"""

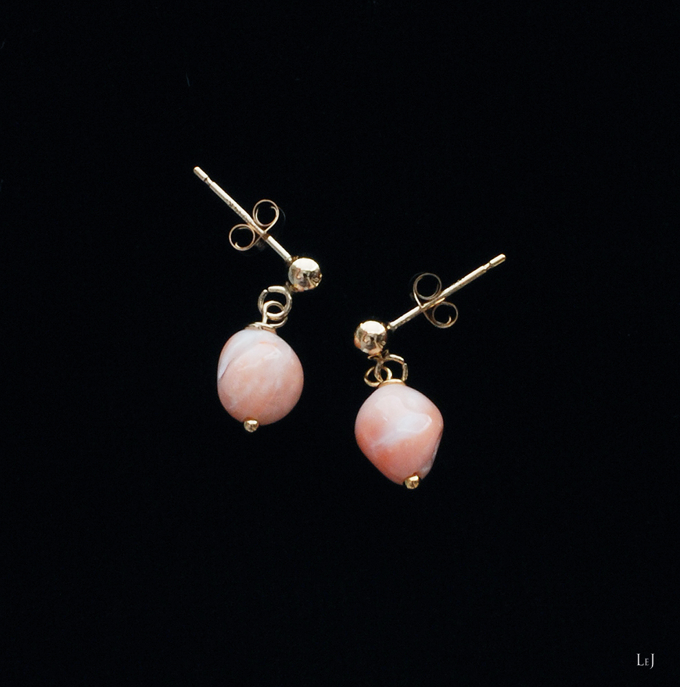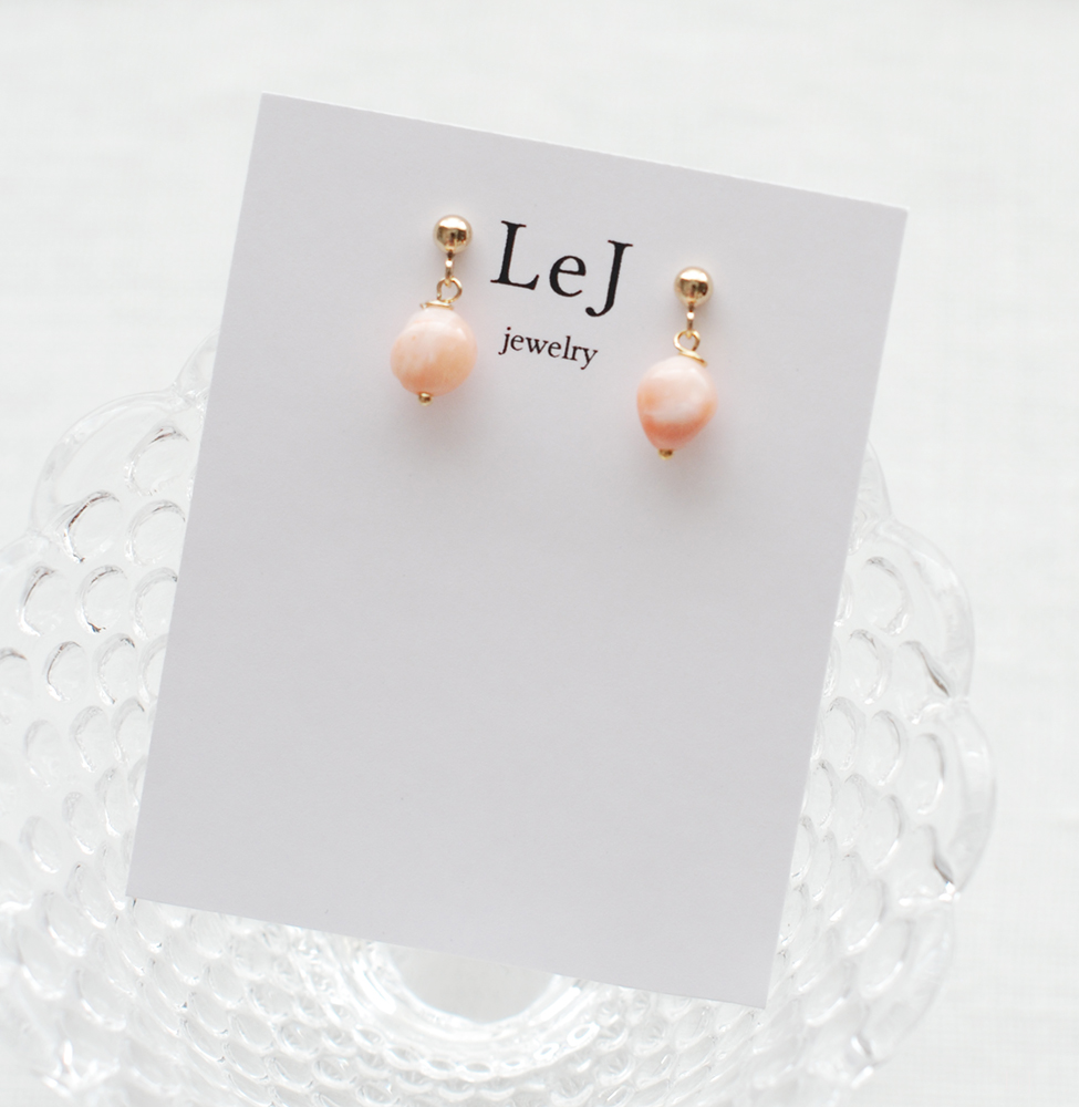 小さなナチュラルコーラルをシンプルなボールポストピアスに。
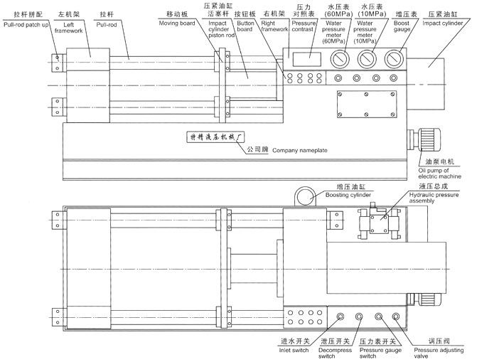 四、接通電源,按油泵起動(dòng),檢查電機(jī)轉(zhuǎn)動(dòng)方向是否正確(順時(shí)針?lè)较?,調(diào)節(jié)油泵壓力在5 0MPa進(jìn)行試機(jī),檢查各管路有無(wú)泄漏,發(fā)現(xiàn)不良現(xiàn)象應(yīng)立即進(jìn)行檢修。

"""
"""

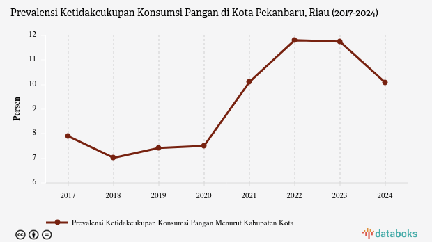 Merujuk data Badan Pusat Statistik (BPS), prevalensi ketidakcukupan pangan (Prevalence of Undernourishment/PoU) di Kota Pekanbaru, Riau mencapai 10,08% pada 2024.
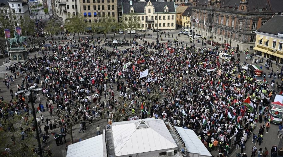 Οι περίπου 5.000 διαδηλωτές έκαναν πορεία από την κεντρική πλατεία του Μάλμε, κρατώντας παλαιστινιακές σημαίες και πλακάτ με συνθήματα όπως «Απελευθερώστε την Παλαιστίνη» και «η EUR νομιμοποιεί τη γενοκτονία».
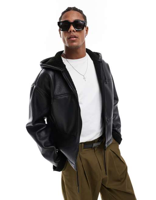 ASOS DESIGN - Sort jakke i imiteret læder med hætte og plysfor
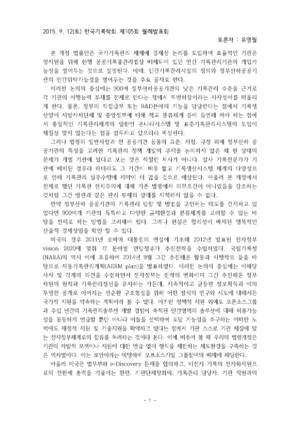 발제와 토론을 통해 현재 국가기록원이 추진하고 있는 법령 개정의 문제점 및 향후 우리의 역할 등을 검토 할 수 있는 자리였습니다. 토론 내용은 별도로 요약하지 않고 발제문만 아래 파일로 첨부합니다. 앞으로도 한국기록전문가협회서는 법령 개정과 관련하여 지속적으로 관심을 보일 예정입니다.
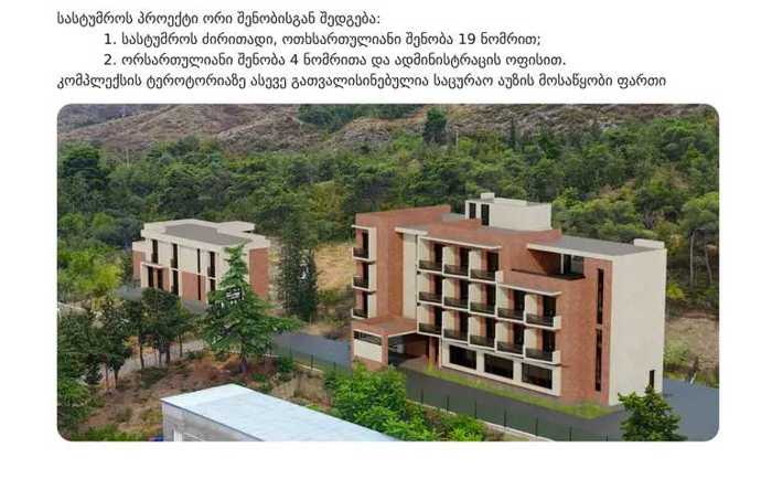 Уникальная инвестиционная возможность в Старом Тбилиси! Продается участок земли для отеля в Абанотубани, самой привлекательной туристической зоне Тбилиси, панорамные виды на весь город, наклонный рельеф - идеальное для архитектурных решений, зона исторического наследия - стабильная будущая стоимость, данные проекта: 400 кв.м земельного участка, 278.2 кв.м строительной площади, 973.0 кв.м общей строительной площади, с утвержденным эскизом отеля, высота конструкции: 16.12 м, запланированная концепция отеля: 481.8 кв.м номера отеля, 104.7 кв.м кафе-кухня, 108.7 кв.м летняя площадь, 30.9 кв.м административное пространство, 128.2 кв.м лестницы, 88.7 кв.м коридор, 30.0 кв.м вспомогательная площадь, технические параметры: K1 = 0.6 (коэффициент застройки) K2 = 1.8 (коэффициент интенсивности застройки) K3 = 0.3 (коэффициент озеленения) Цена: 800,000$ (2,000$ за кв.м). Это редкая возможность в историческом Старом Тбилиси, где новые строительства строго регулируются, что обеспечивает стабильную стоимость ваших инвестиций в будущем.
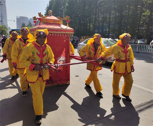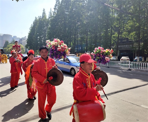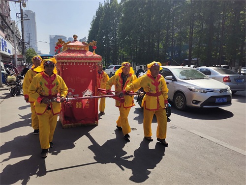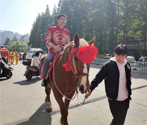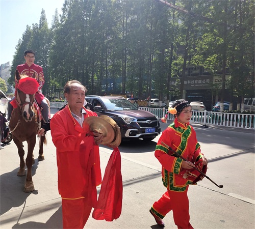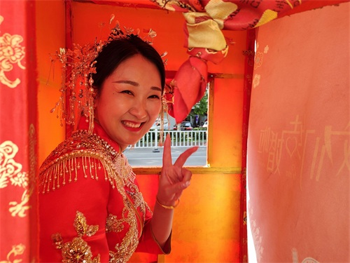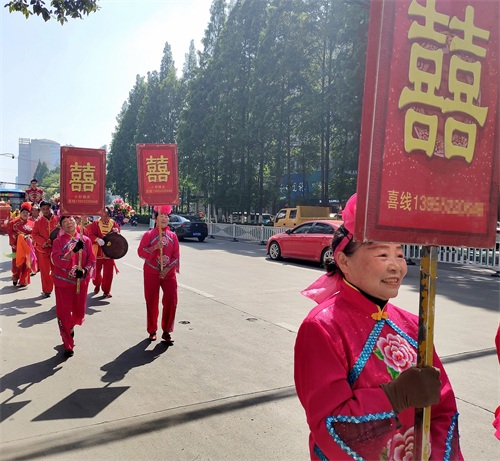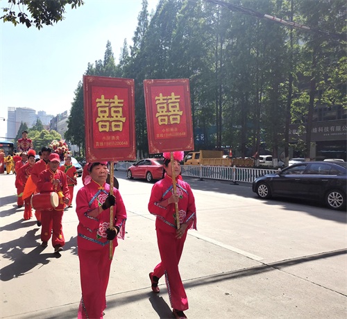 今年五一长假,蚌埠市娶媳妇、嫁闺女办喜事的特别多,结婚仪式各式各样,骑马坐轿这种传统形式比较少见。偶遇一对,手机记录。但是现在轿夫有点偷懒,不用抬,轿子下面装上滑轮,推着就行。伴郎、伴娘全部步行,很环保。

"""

Restate the lines above from the one containing "小さなナチュラルコーラルをシンプルなボールポストピアスに。" through the one containing "四、接通電源,按油泵起動(d", inclusive, exactly and without pictures.

 小さなナチュラルコーラルをシンプルなボールポストピアスに。
 四、接通電源,按油泵起動(dòng),檢查電機(jī)轉(zhuǎn)動(dòng)方向是否正確(順時(shí)針?lè)较?,調(diào)節(jié)油泵壓力在5 0MPa進(jìn)行試機(jī),檢查各管路有無(wú)泄漏,發(fā)現(xiàn)不良現(xiàn)象應(yīng)立即進(jìn)行檢修。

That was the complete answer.